Thanks. E-mail address was incorrect. All information received. :thumbup:


----------



## Lammy Livernips (Mar 23, 2010)

hey guys. i started a similar thread over on xoutpost.com in the x5 forum.

the good news, is that they are not delaying production of the vehicles, but rather shipping them to the VPC until the approvals are obtained.
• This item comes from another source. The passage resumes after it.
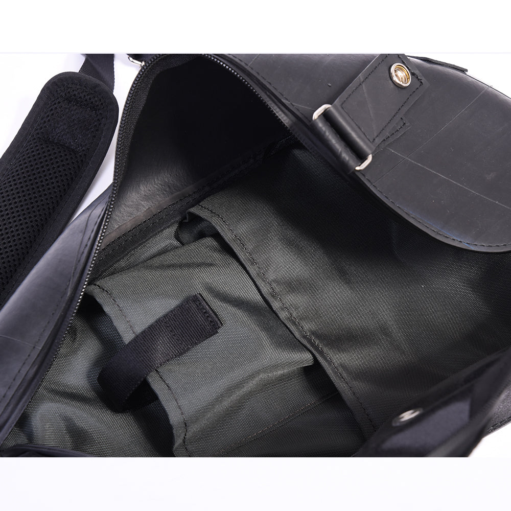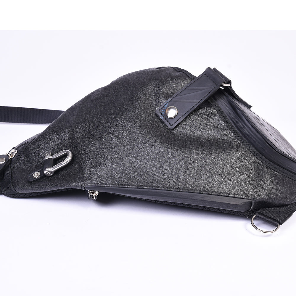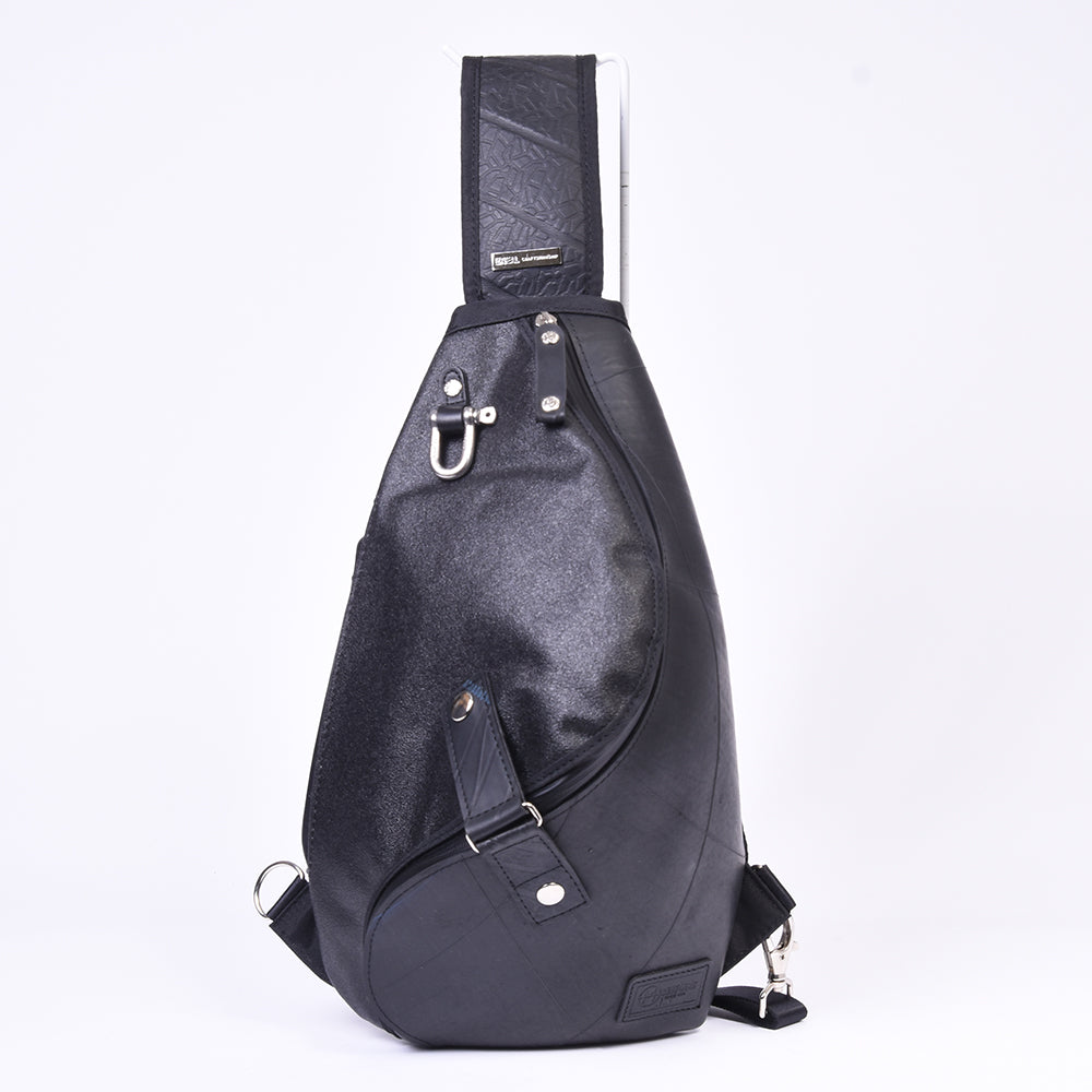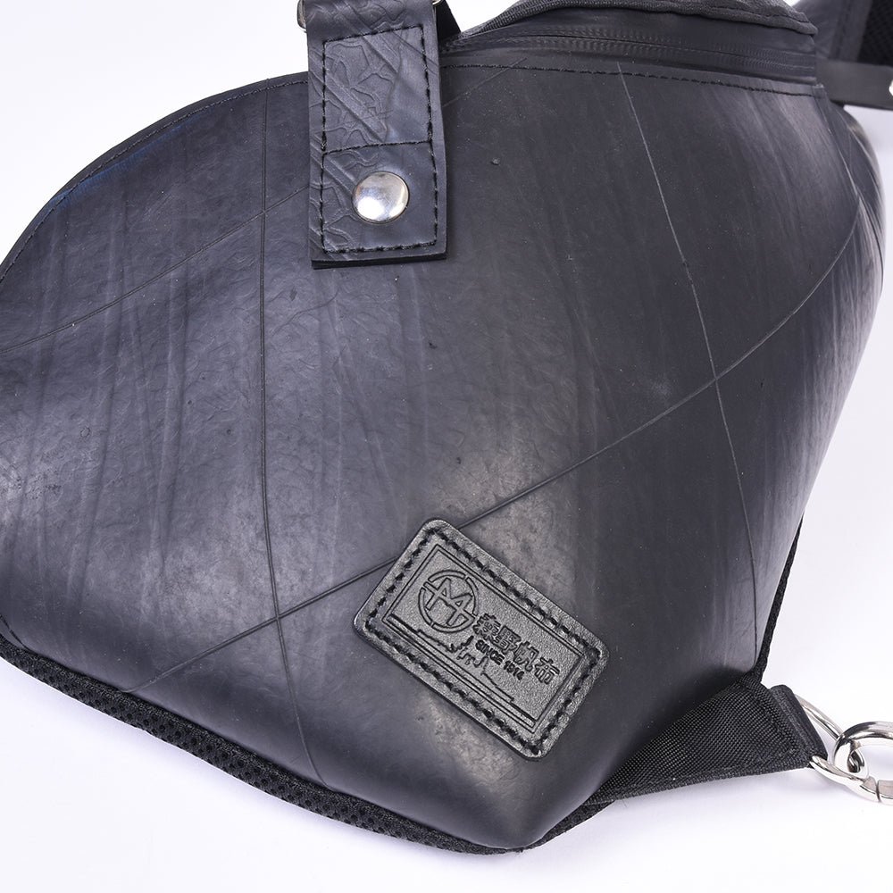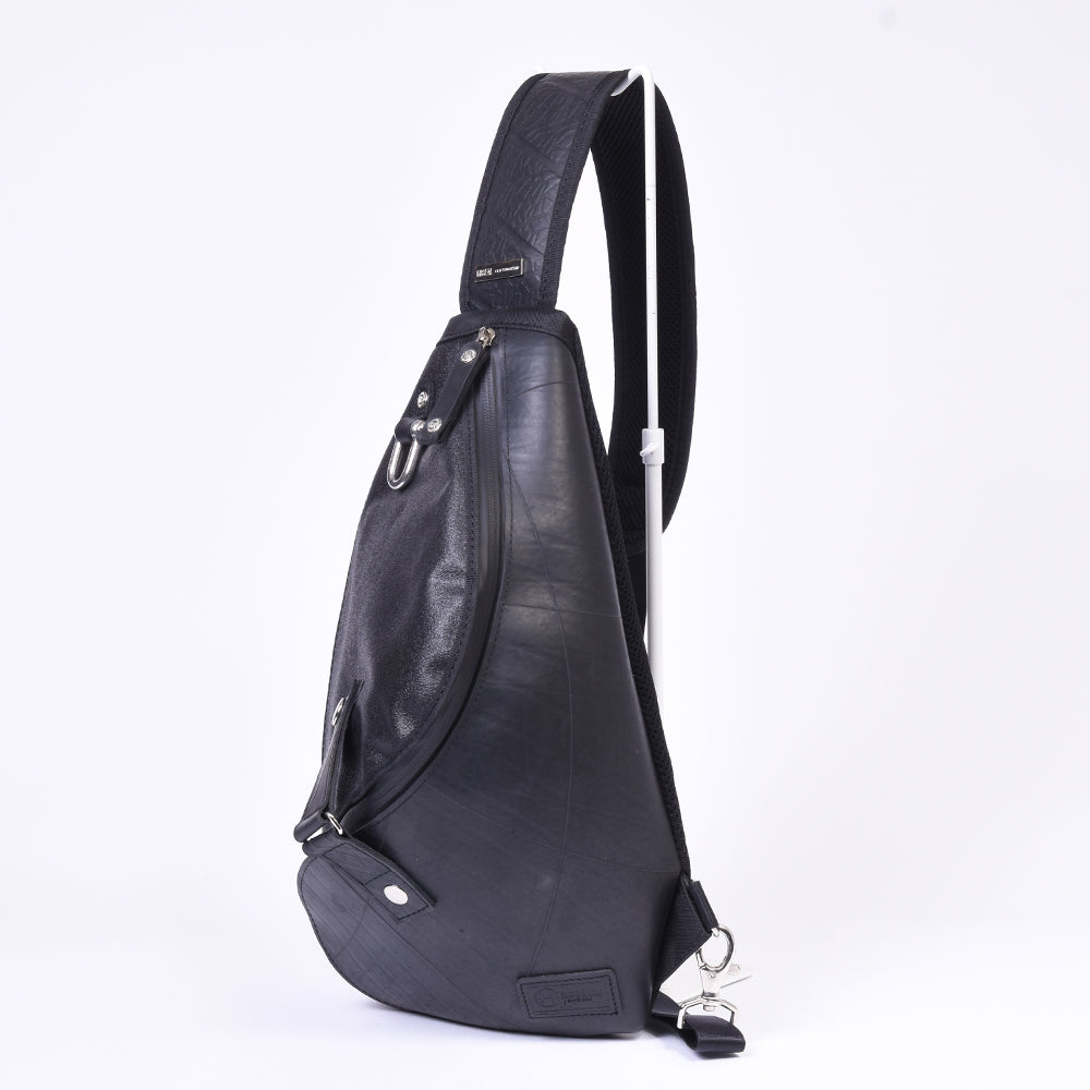 圧倒的な特徴のスパイラル状のフォルムを持つワンショルダーバッグに、使い心地を追求したプロモデルが新登場!タイヤ素材の弾性をそのまま活かす事により生まれたスパイラルフォルムは、タフな事はもちろん流れるようなフォルムの美しさが魅力です。その魅力を残し、背面全面に加えて本体から伸びるショルダーパッド部分にもメッシュ+緩衝材をプラス。アクティブシーンでも体にフィットしてストレス無くご利用いただけます。背負心地を考えて採用したショルダーベルト付け根部分の三角パーツや、中身をしっかりと見渡せるグレーの内装など、随所に使い心地を追求しています。内部についたスマートフォンポケットや、地図なども入れる事ができるオープンポケットなど、デイリーユースやちょっとした旅行でも活躍する機能も兼ね備えたモデルです。このワンショルダーバッグは、一個辺り約510gのCO2が削減されます。

thanks jonathan for providing an additional level of detail. i will try to find you when i come down for my 2011 x5 PCD in a few weeks.

-Lammy


----------



## I-Won-Today (Feb 21, 2007)

Hi Lammy,

Congrats on the new BMW :thumbup: Please say hello when you're here. You're more than welcome for the information. Glad to help when I can.


----------



## Lammy Livernips (Mar 23, 2010)

*Epa approvals done*

hi all..

i got tired of waiting, so i contacted the EPA myself and here is the good news:

=============
[email protected] to me:

We have issued our certificate for the diesel X5. It is possible that BMW is still waiting for their CARB approval (I don't know), but we are done with our testing.

XXX XXX
Manager, Light-Duty Vehicle Group
Compliance and Innovative Strategies Division
United States Environmental Protection Agency
==============

so - looks like we are waiting on CARB at this point. the bad news - i called CARB and they refused to give me any info. will try again...


----------



## jvdeasy (Feb 25, 2007)

Jonathan, I have an X5d in production now ( I have the #) and my CA still cannot confirm a date for all the reasons stated above. If the CARB approval issue is resolved next week, is it realistic to expect a date can be arranged for pick up around 4/27-28? We are planning a trip to the area and hope this can somehow work out. Thanks.


----------